I have read that file fish potentially go after them. Klein's butterflyfish are also a good candidate but they are listed as not reef safe (eat soft corals). 

Any tips/help would be appreciated!


----------



## coldmantis

Methods that didn't work for me
Boiling water in syringe
Hydrogen Peroxide in syringe
Vinegar in syringe

Methods that worked for me
Lemon juice from no frills in syringe
Peppermint shrimp


----------



## Kooka

None of the manual injection methods would work in this situation, way to much rock to cover and the infestation is far too widespread. 

I've seen peppermint shrimp decimate Aptasia but read that they ignore majanos. How bad was your infestation and where did you get the shrimp from?


----------



## tom g

*Nuke tank*

I think if it's heavily populated u may have to remove the corals manually inject or let the required fish try .. may have to sacrifice some corals to the cause
Remove rock and nuke something tells me there's too many...
Jmho


----------



## mmatt

Don't know of anything that will actually eat them. I've had success with making kalk paste and injecting it over them with a siringe but I wouldn't do a lot in one shot. Will throw of parameters. I also tagged them as soon as I saw them. Didn't let them get out of control. Don't know if drying out the rock is an option? Pain in the dick for sure, depending on how much coral is in there.... That just sucks period.

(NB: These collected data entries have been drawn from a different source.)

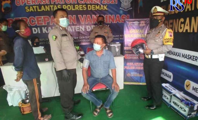 RADARSEMARANG.COM, Demak – Aksi simpatik dilaksanakan jajaran Satlantas Polres Demak. Sejumlah pengendara motor dan mobil yang terjaring dalam Operasi Patuh Candi diketahui banyak yang belum menjalani vaksinasi. Adapula yang tidak mengenakan helm saat berkendara di jalan raya.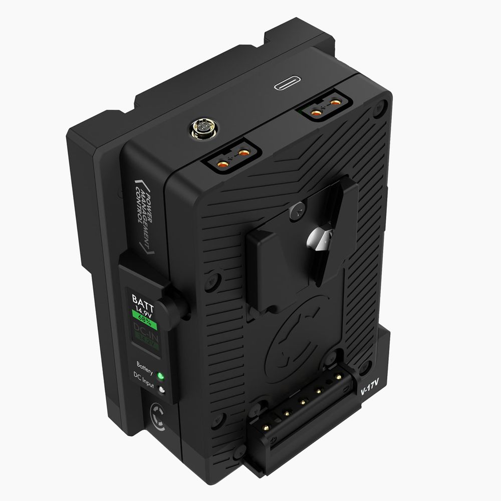 Power Management Control V-mount to V-mount Plate adapter. Works with Sony Burano and Sony Venice HRS 4pin 12v output, USBCPD output, with 2 ptaps and Screen Display, DC 11-17v 4p XLR input for Hotswap. #CSXBUR-IO sold seperately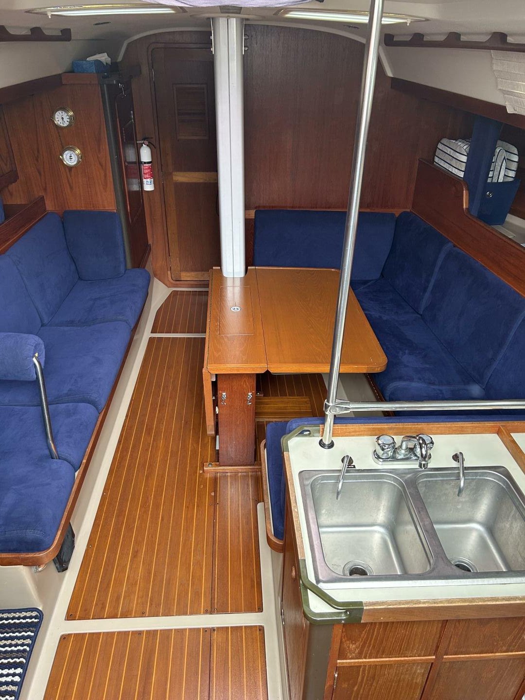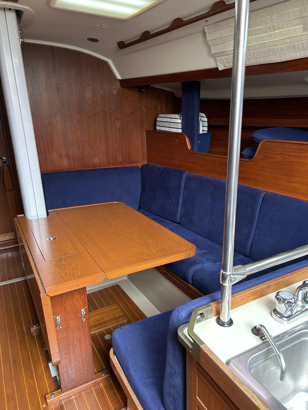 The main salon has a dinette to starboard with a fixed drop leaf centreline table. Settee to port side with the nav station situated the aft end.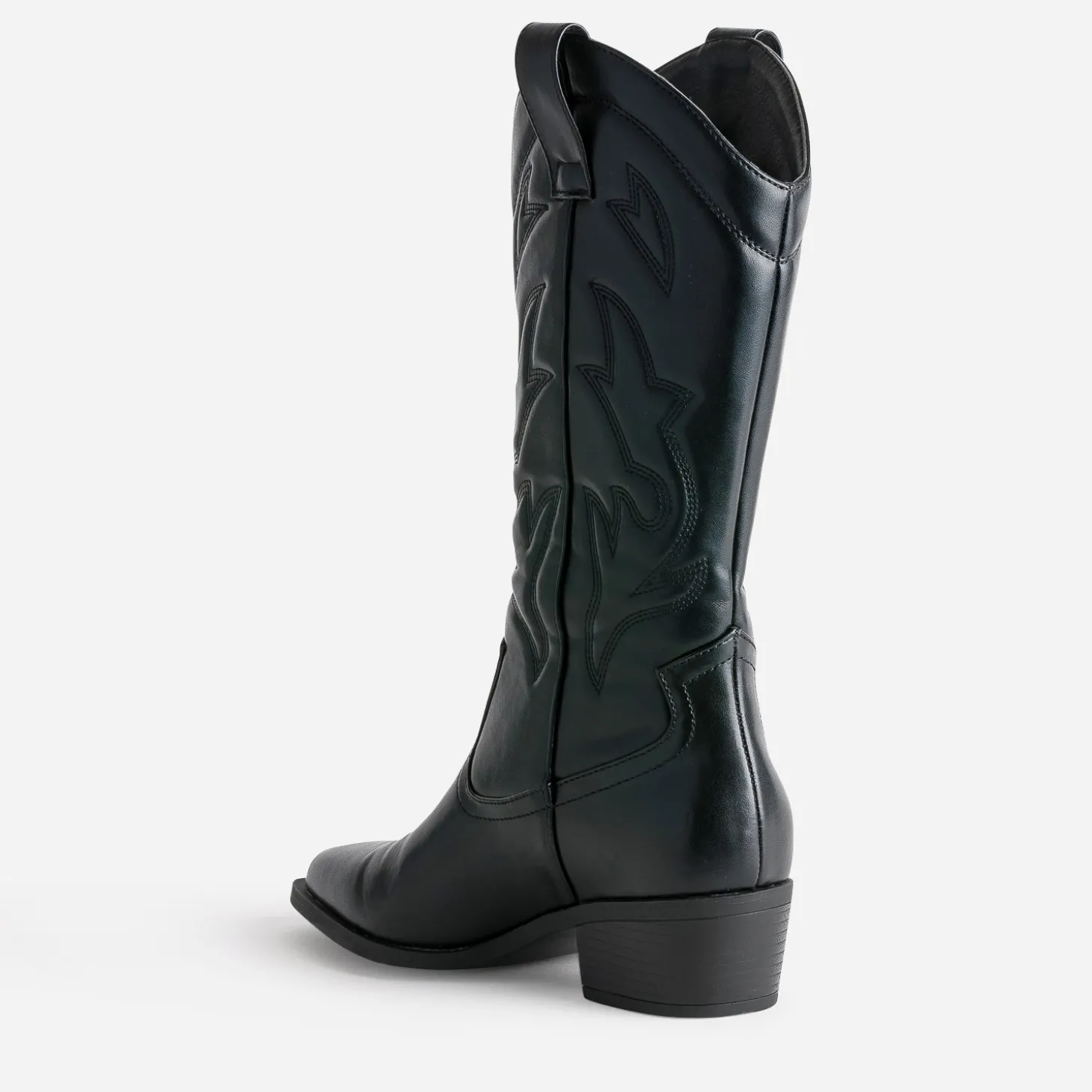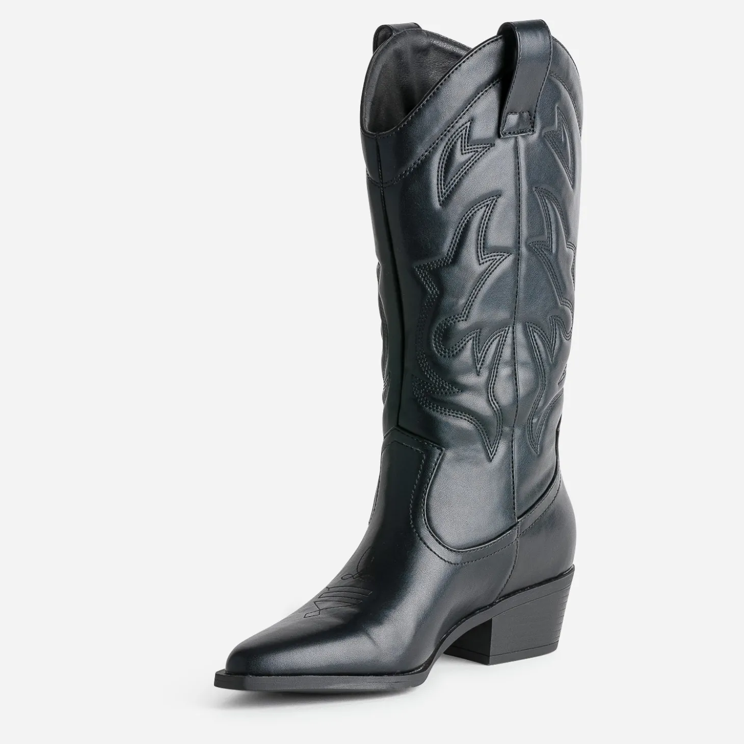 Rythmée de surpiqûres spécifiques, sur le dessus du pied et sur la tige, cette botte pour femme s’inspire clairement de la santiag. Bout pointu, talon bottier, elle s’enfile et se retire en une seconde. En matière synthétique lisse, elle s’autorise une déclinaison entièrement noire. Avec une chemise en jean, avec une jupe courte ou un slim, elle assure une touche rock, sans précédent.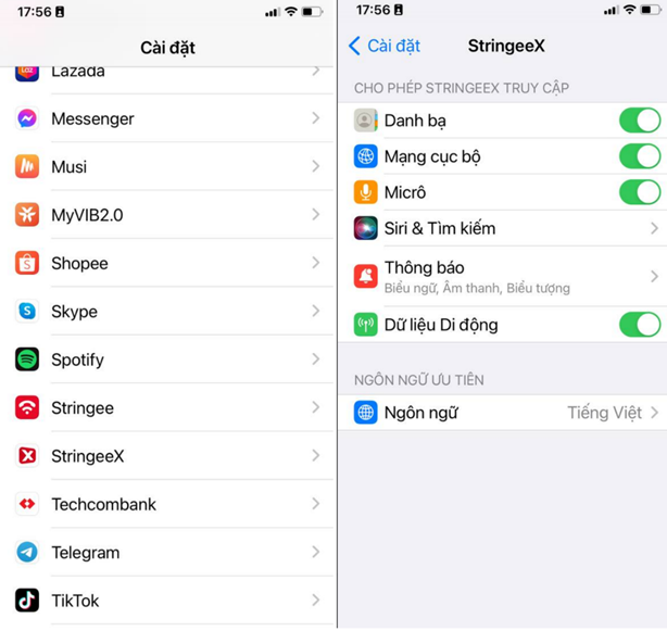 * **Step 1:** At the settings, users go to Settings => StringeeX to set up notification for the StringeeX app
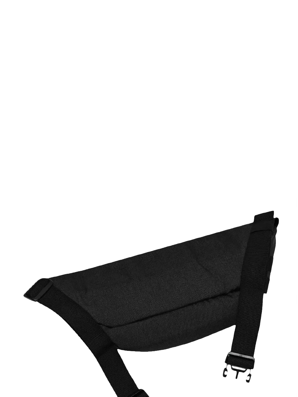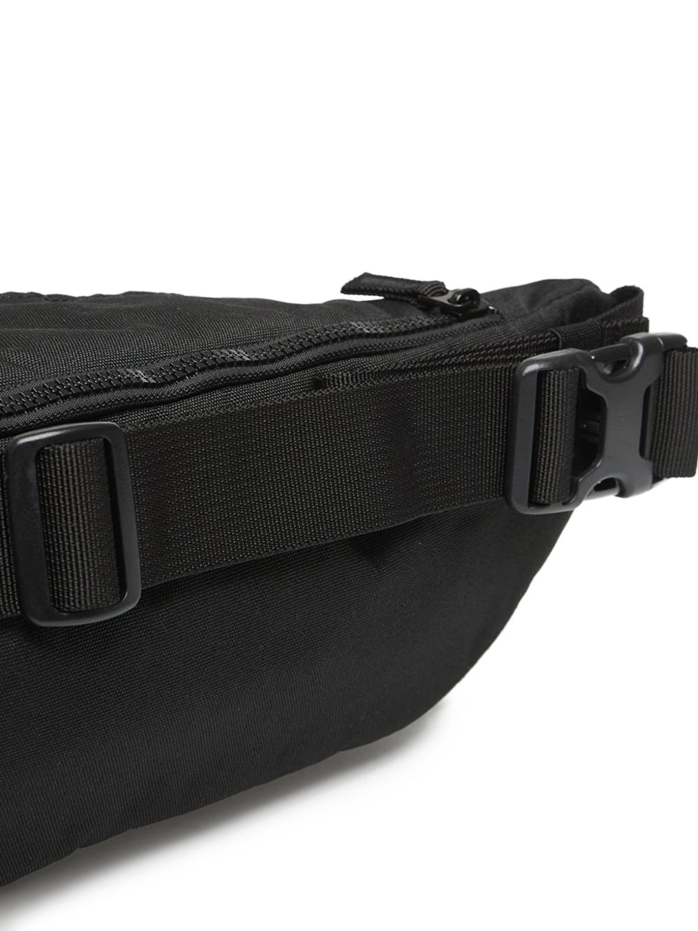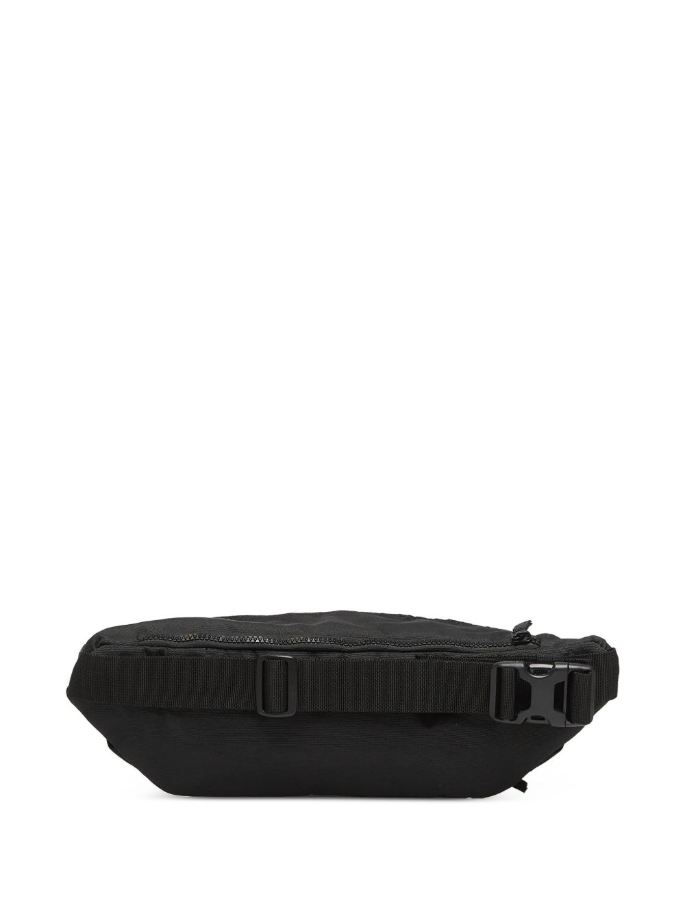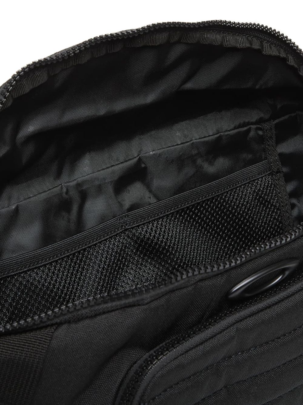 Black Oakley polyester fanny pack with a quilted panel and adjustable strap, interior pockets, and a front zippered pocket.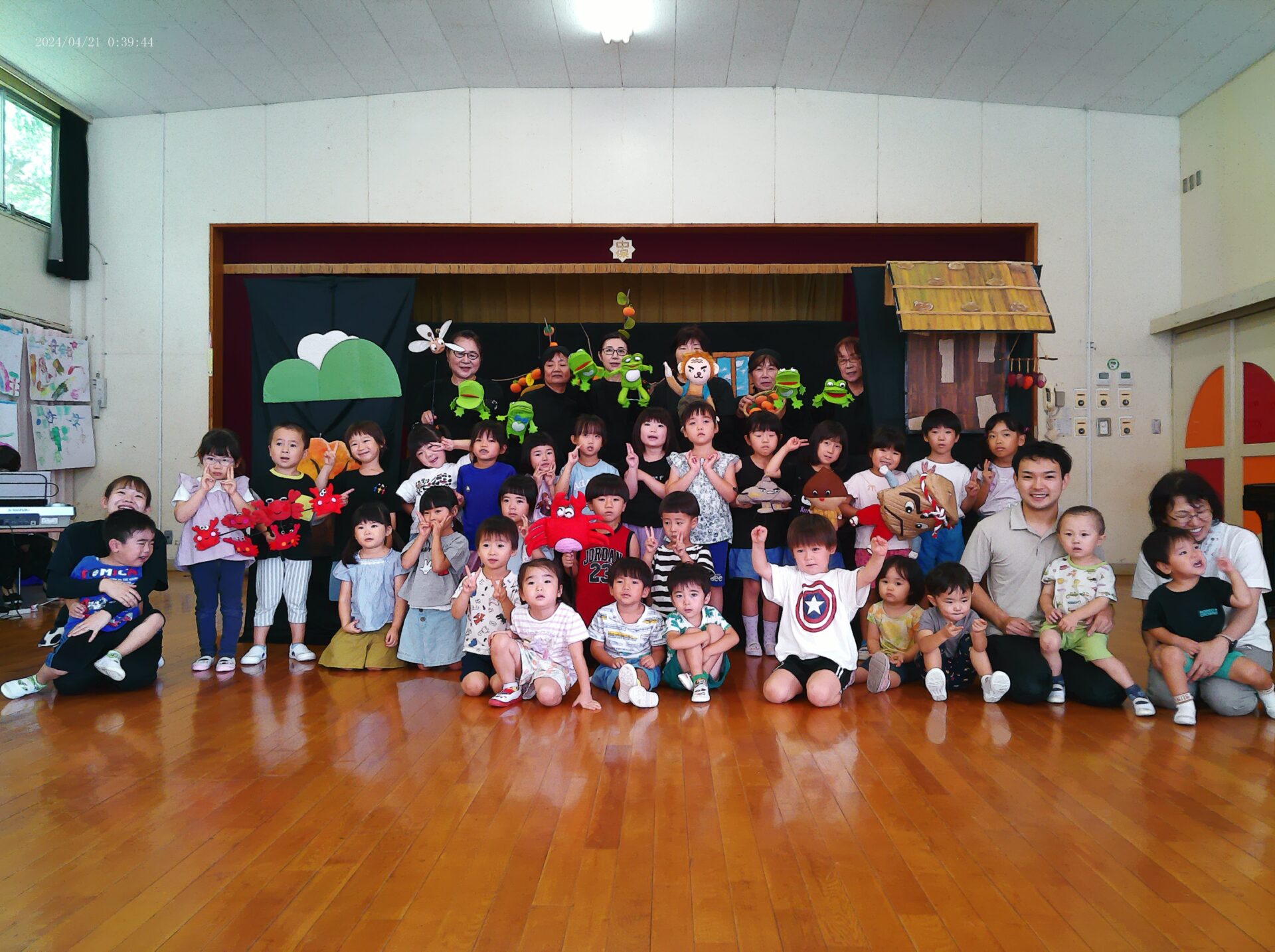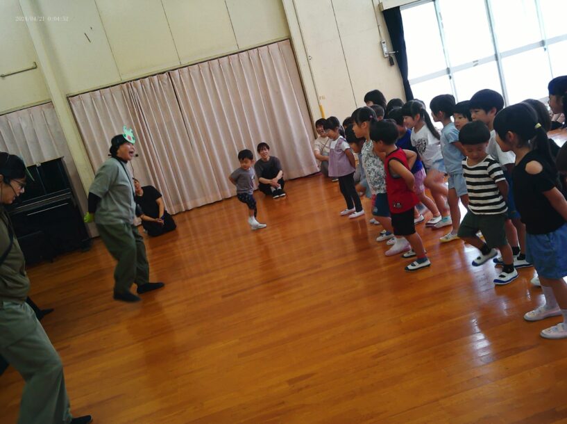 子どもたちも興味津々で、劇の最中はじっと見守り、みんなで歌って踊るところでは、人形劇サークルの人たちと一緒に楽しそうにしていました。

Peppermint shrimp is a new onefor me that's for sure. Maybe he was a one off and a gluteness S.O.B. lol


----------



## coldmantis

Kooka said:


> None of the manual injection methods would work in this situation, way to much rock to cover and the infestation is far too widespread.
> 
> I've seen peppermint shrimp decimate Aptasia but read that they ignore majanos. How bad was your infestation and where did you get the shrimp from?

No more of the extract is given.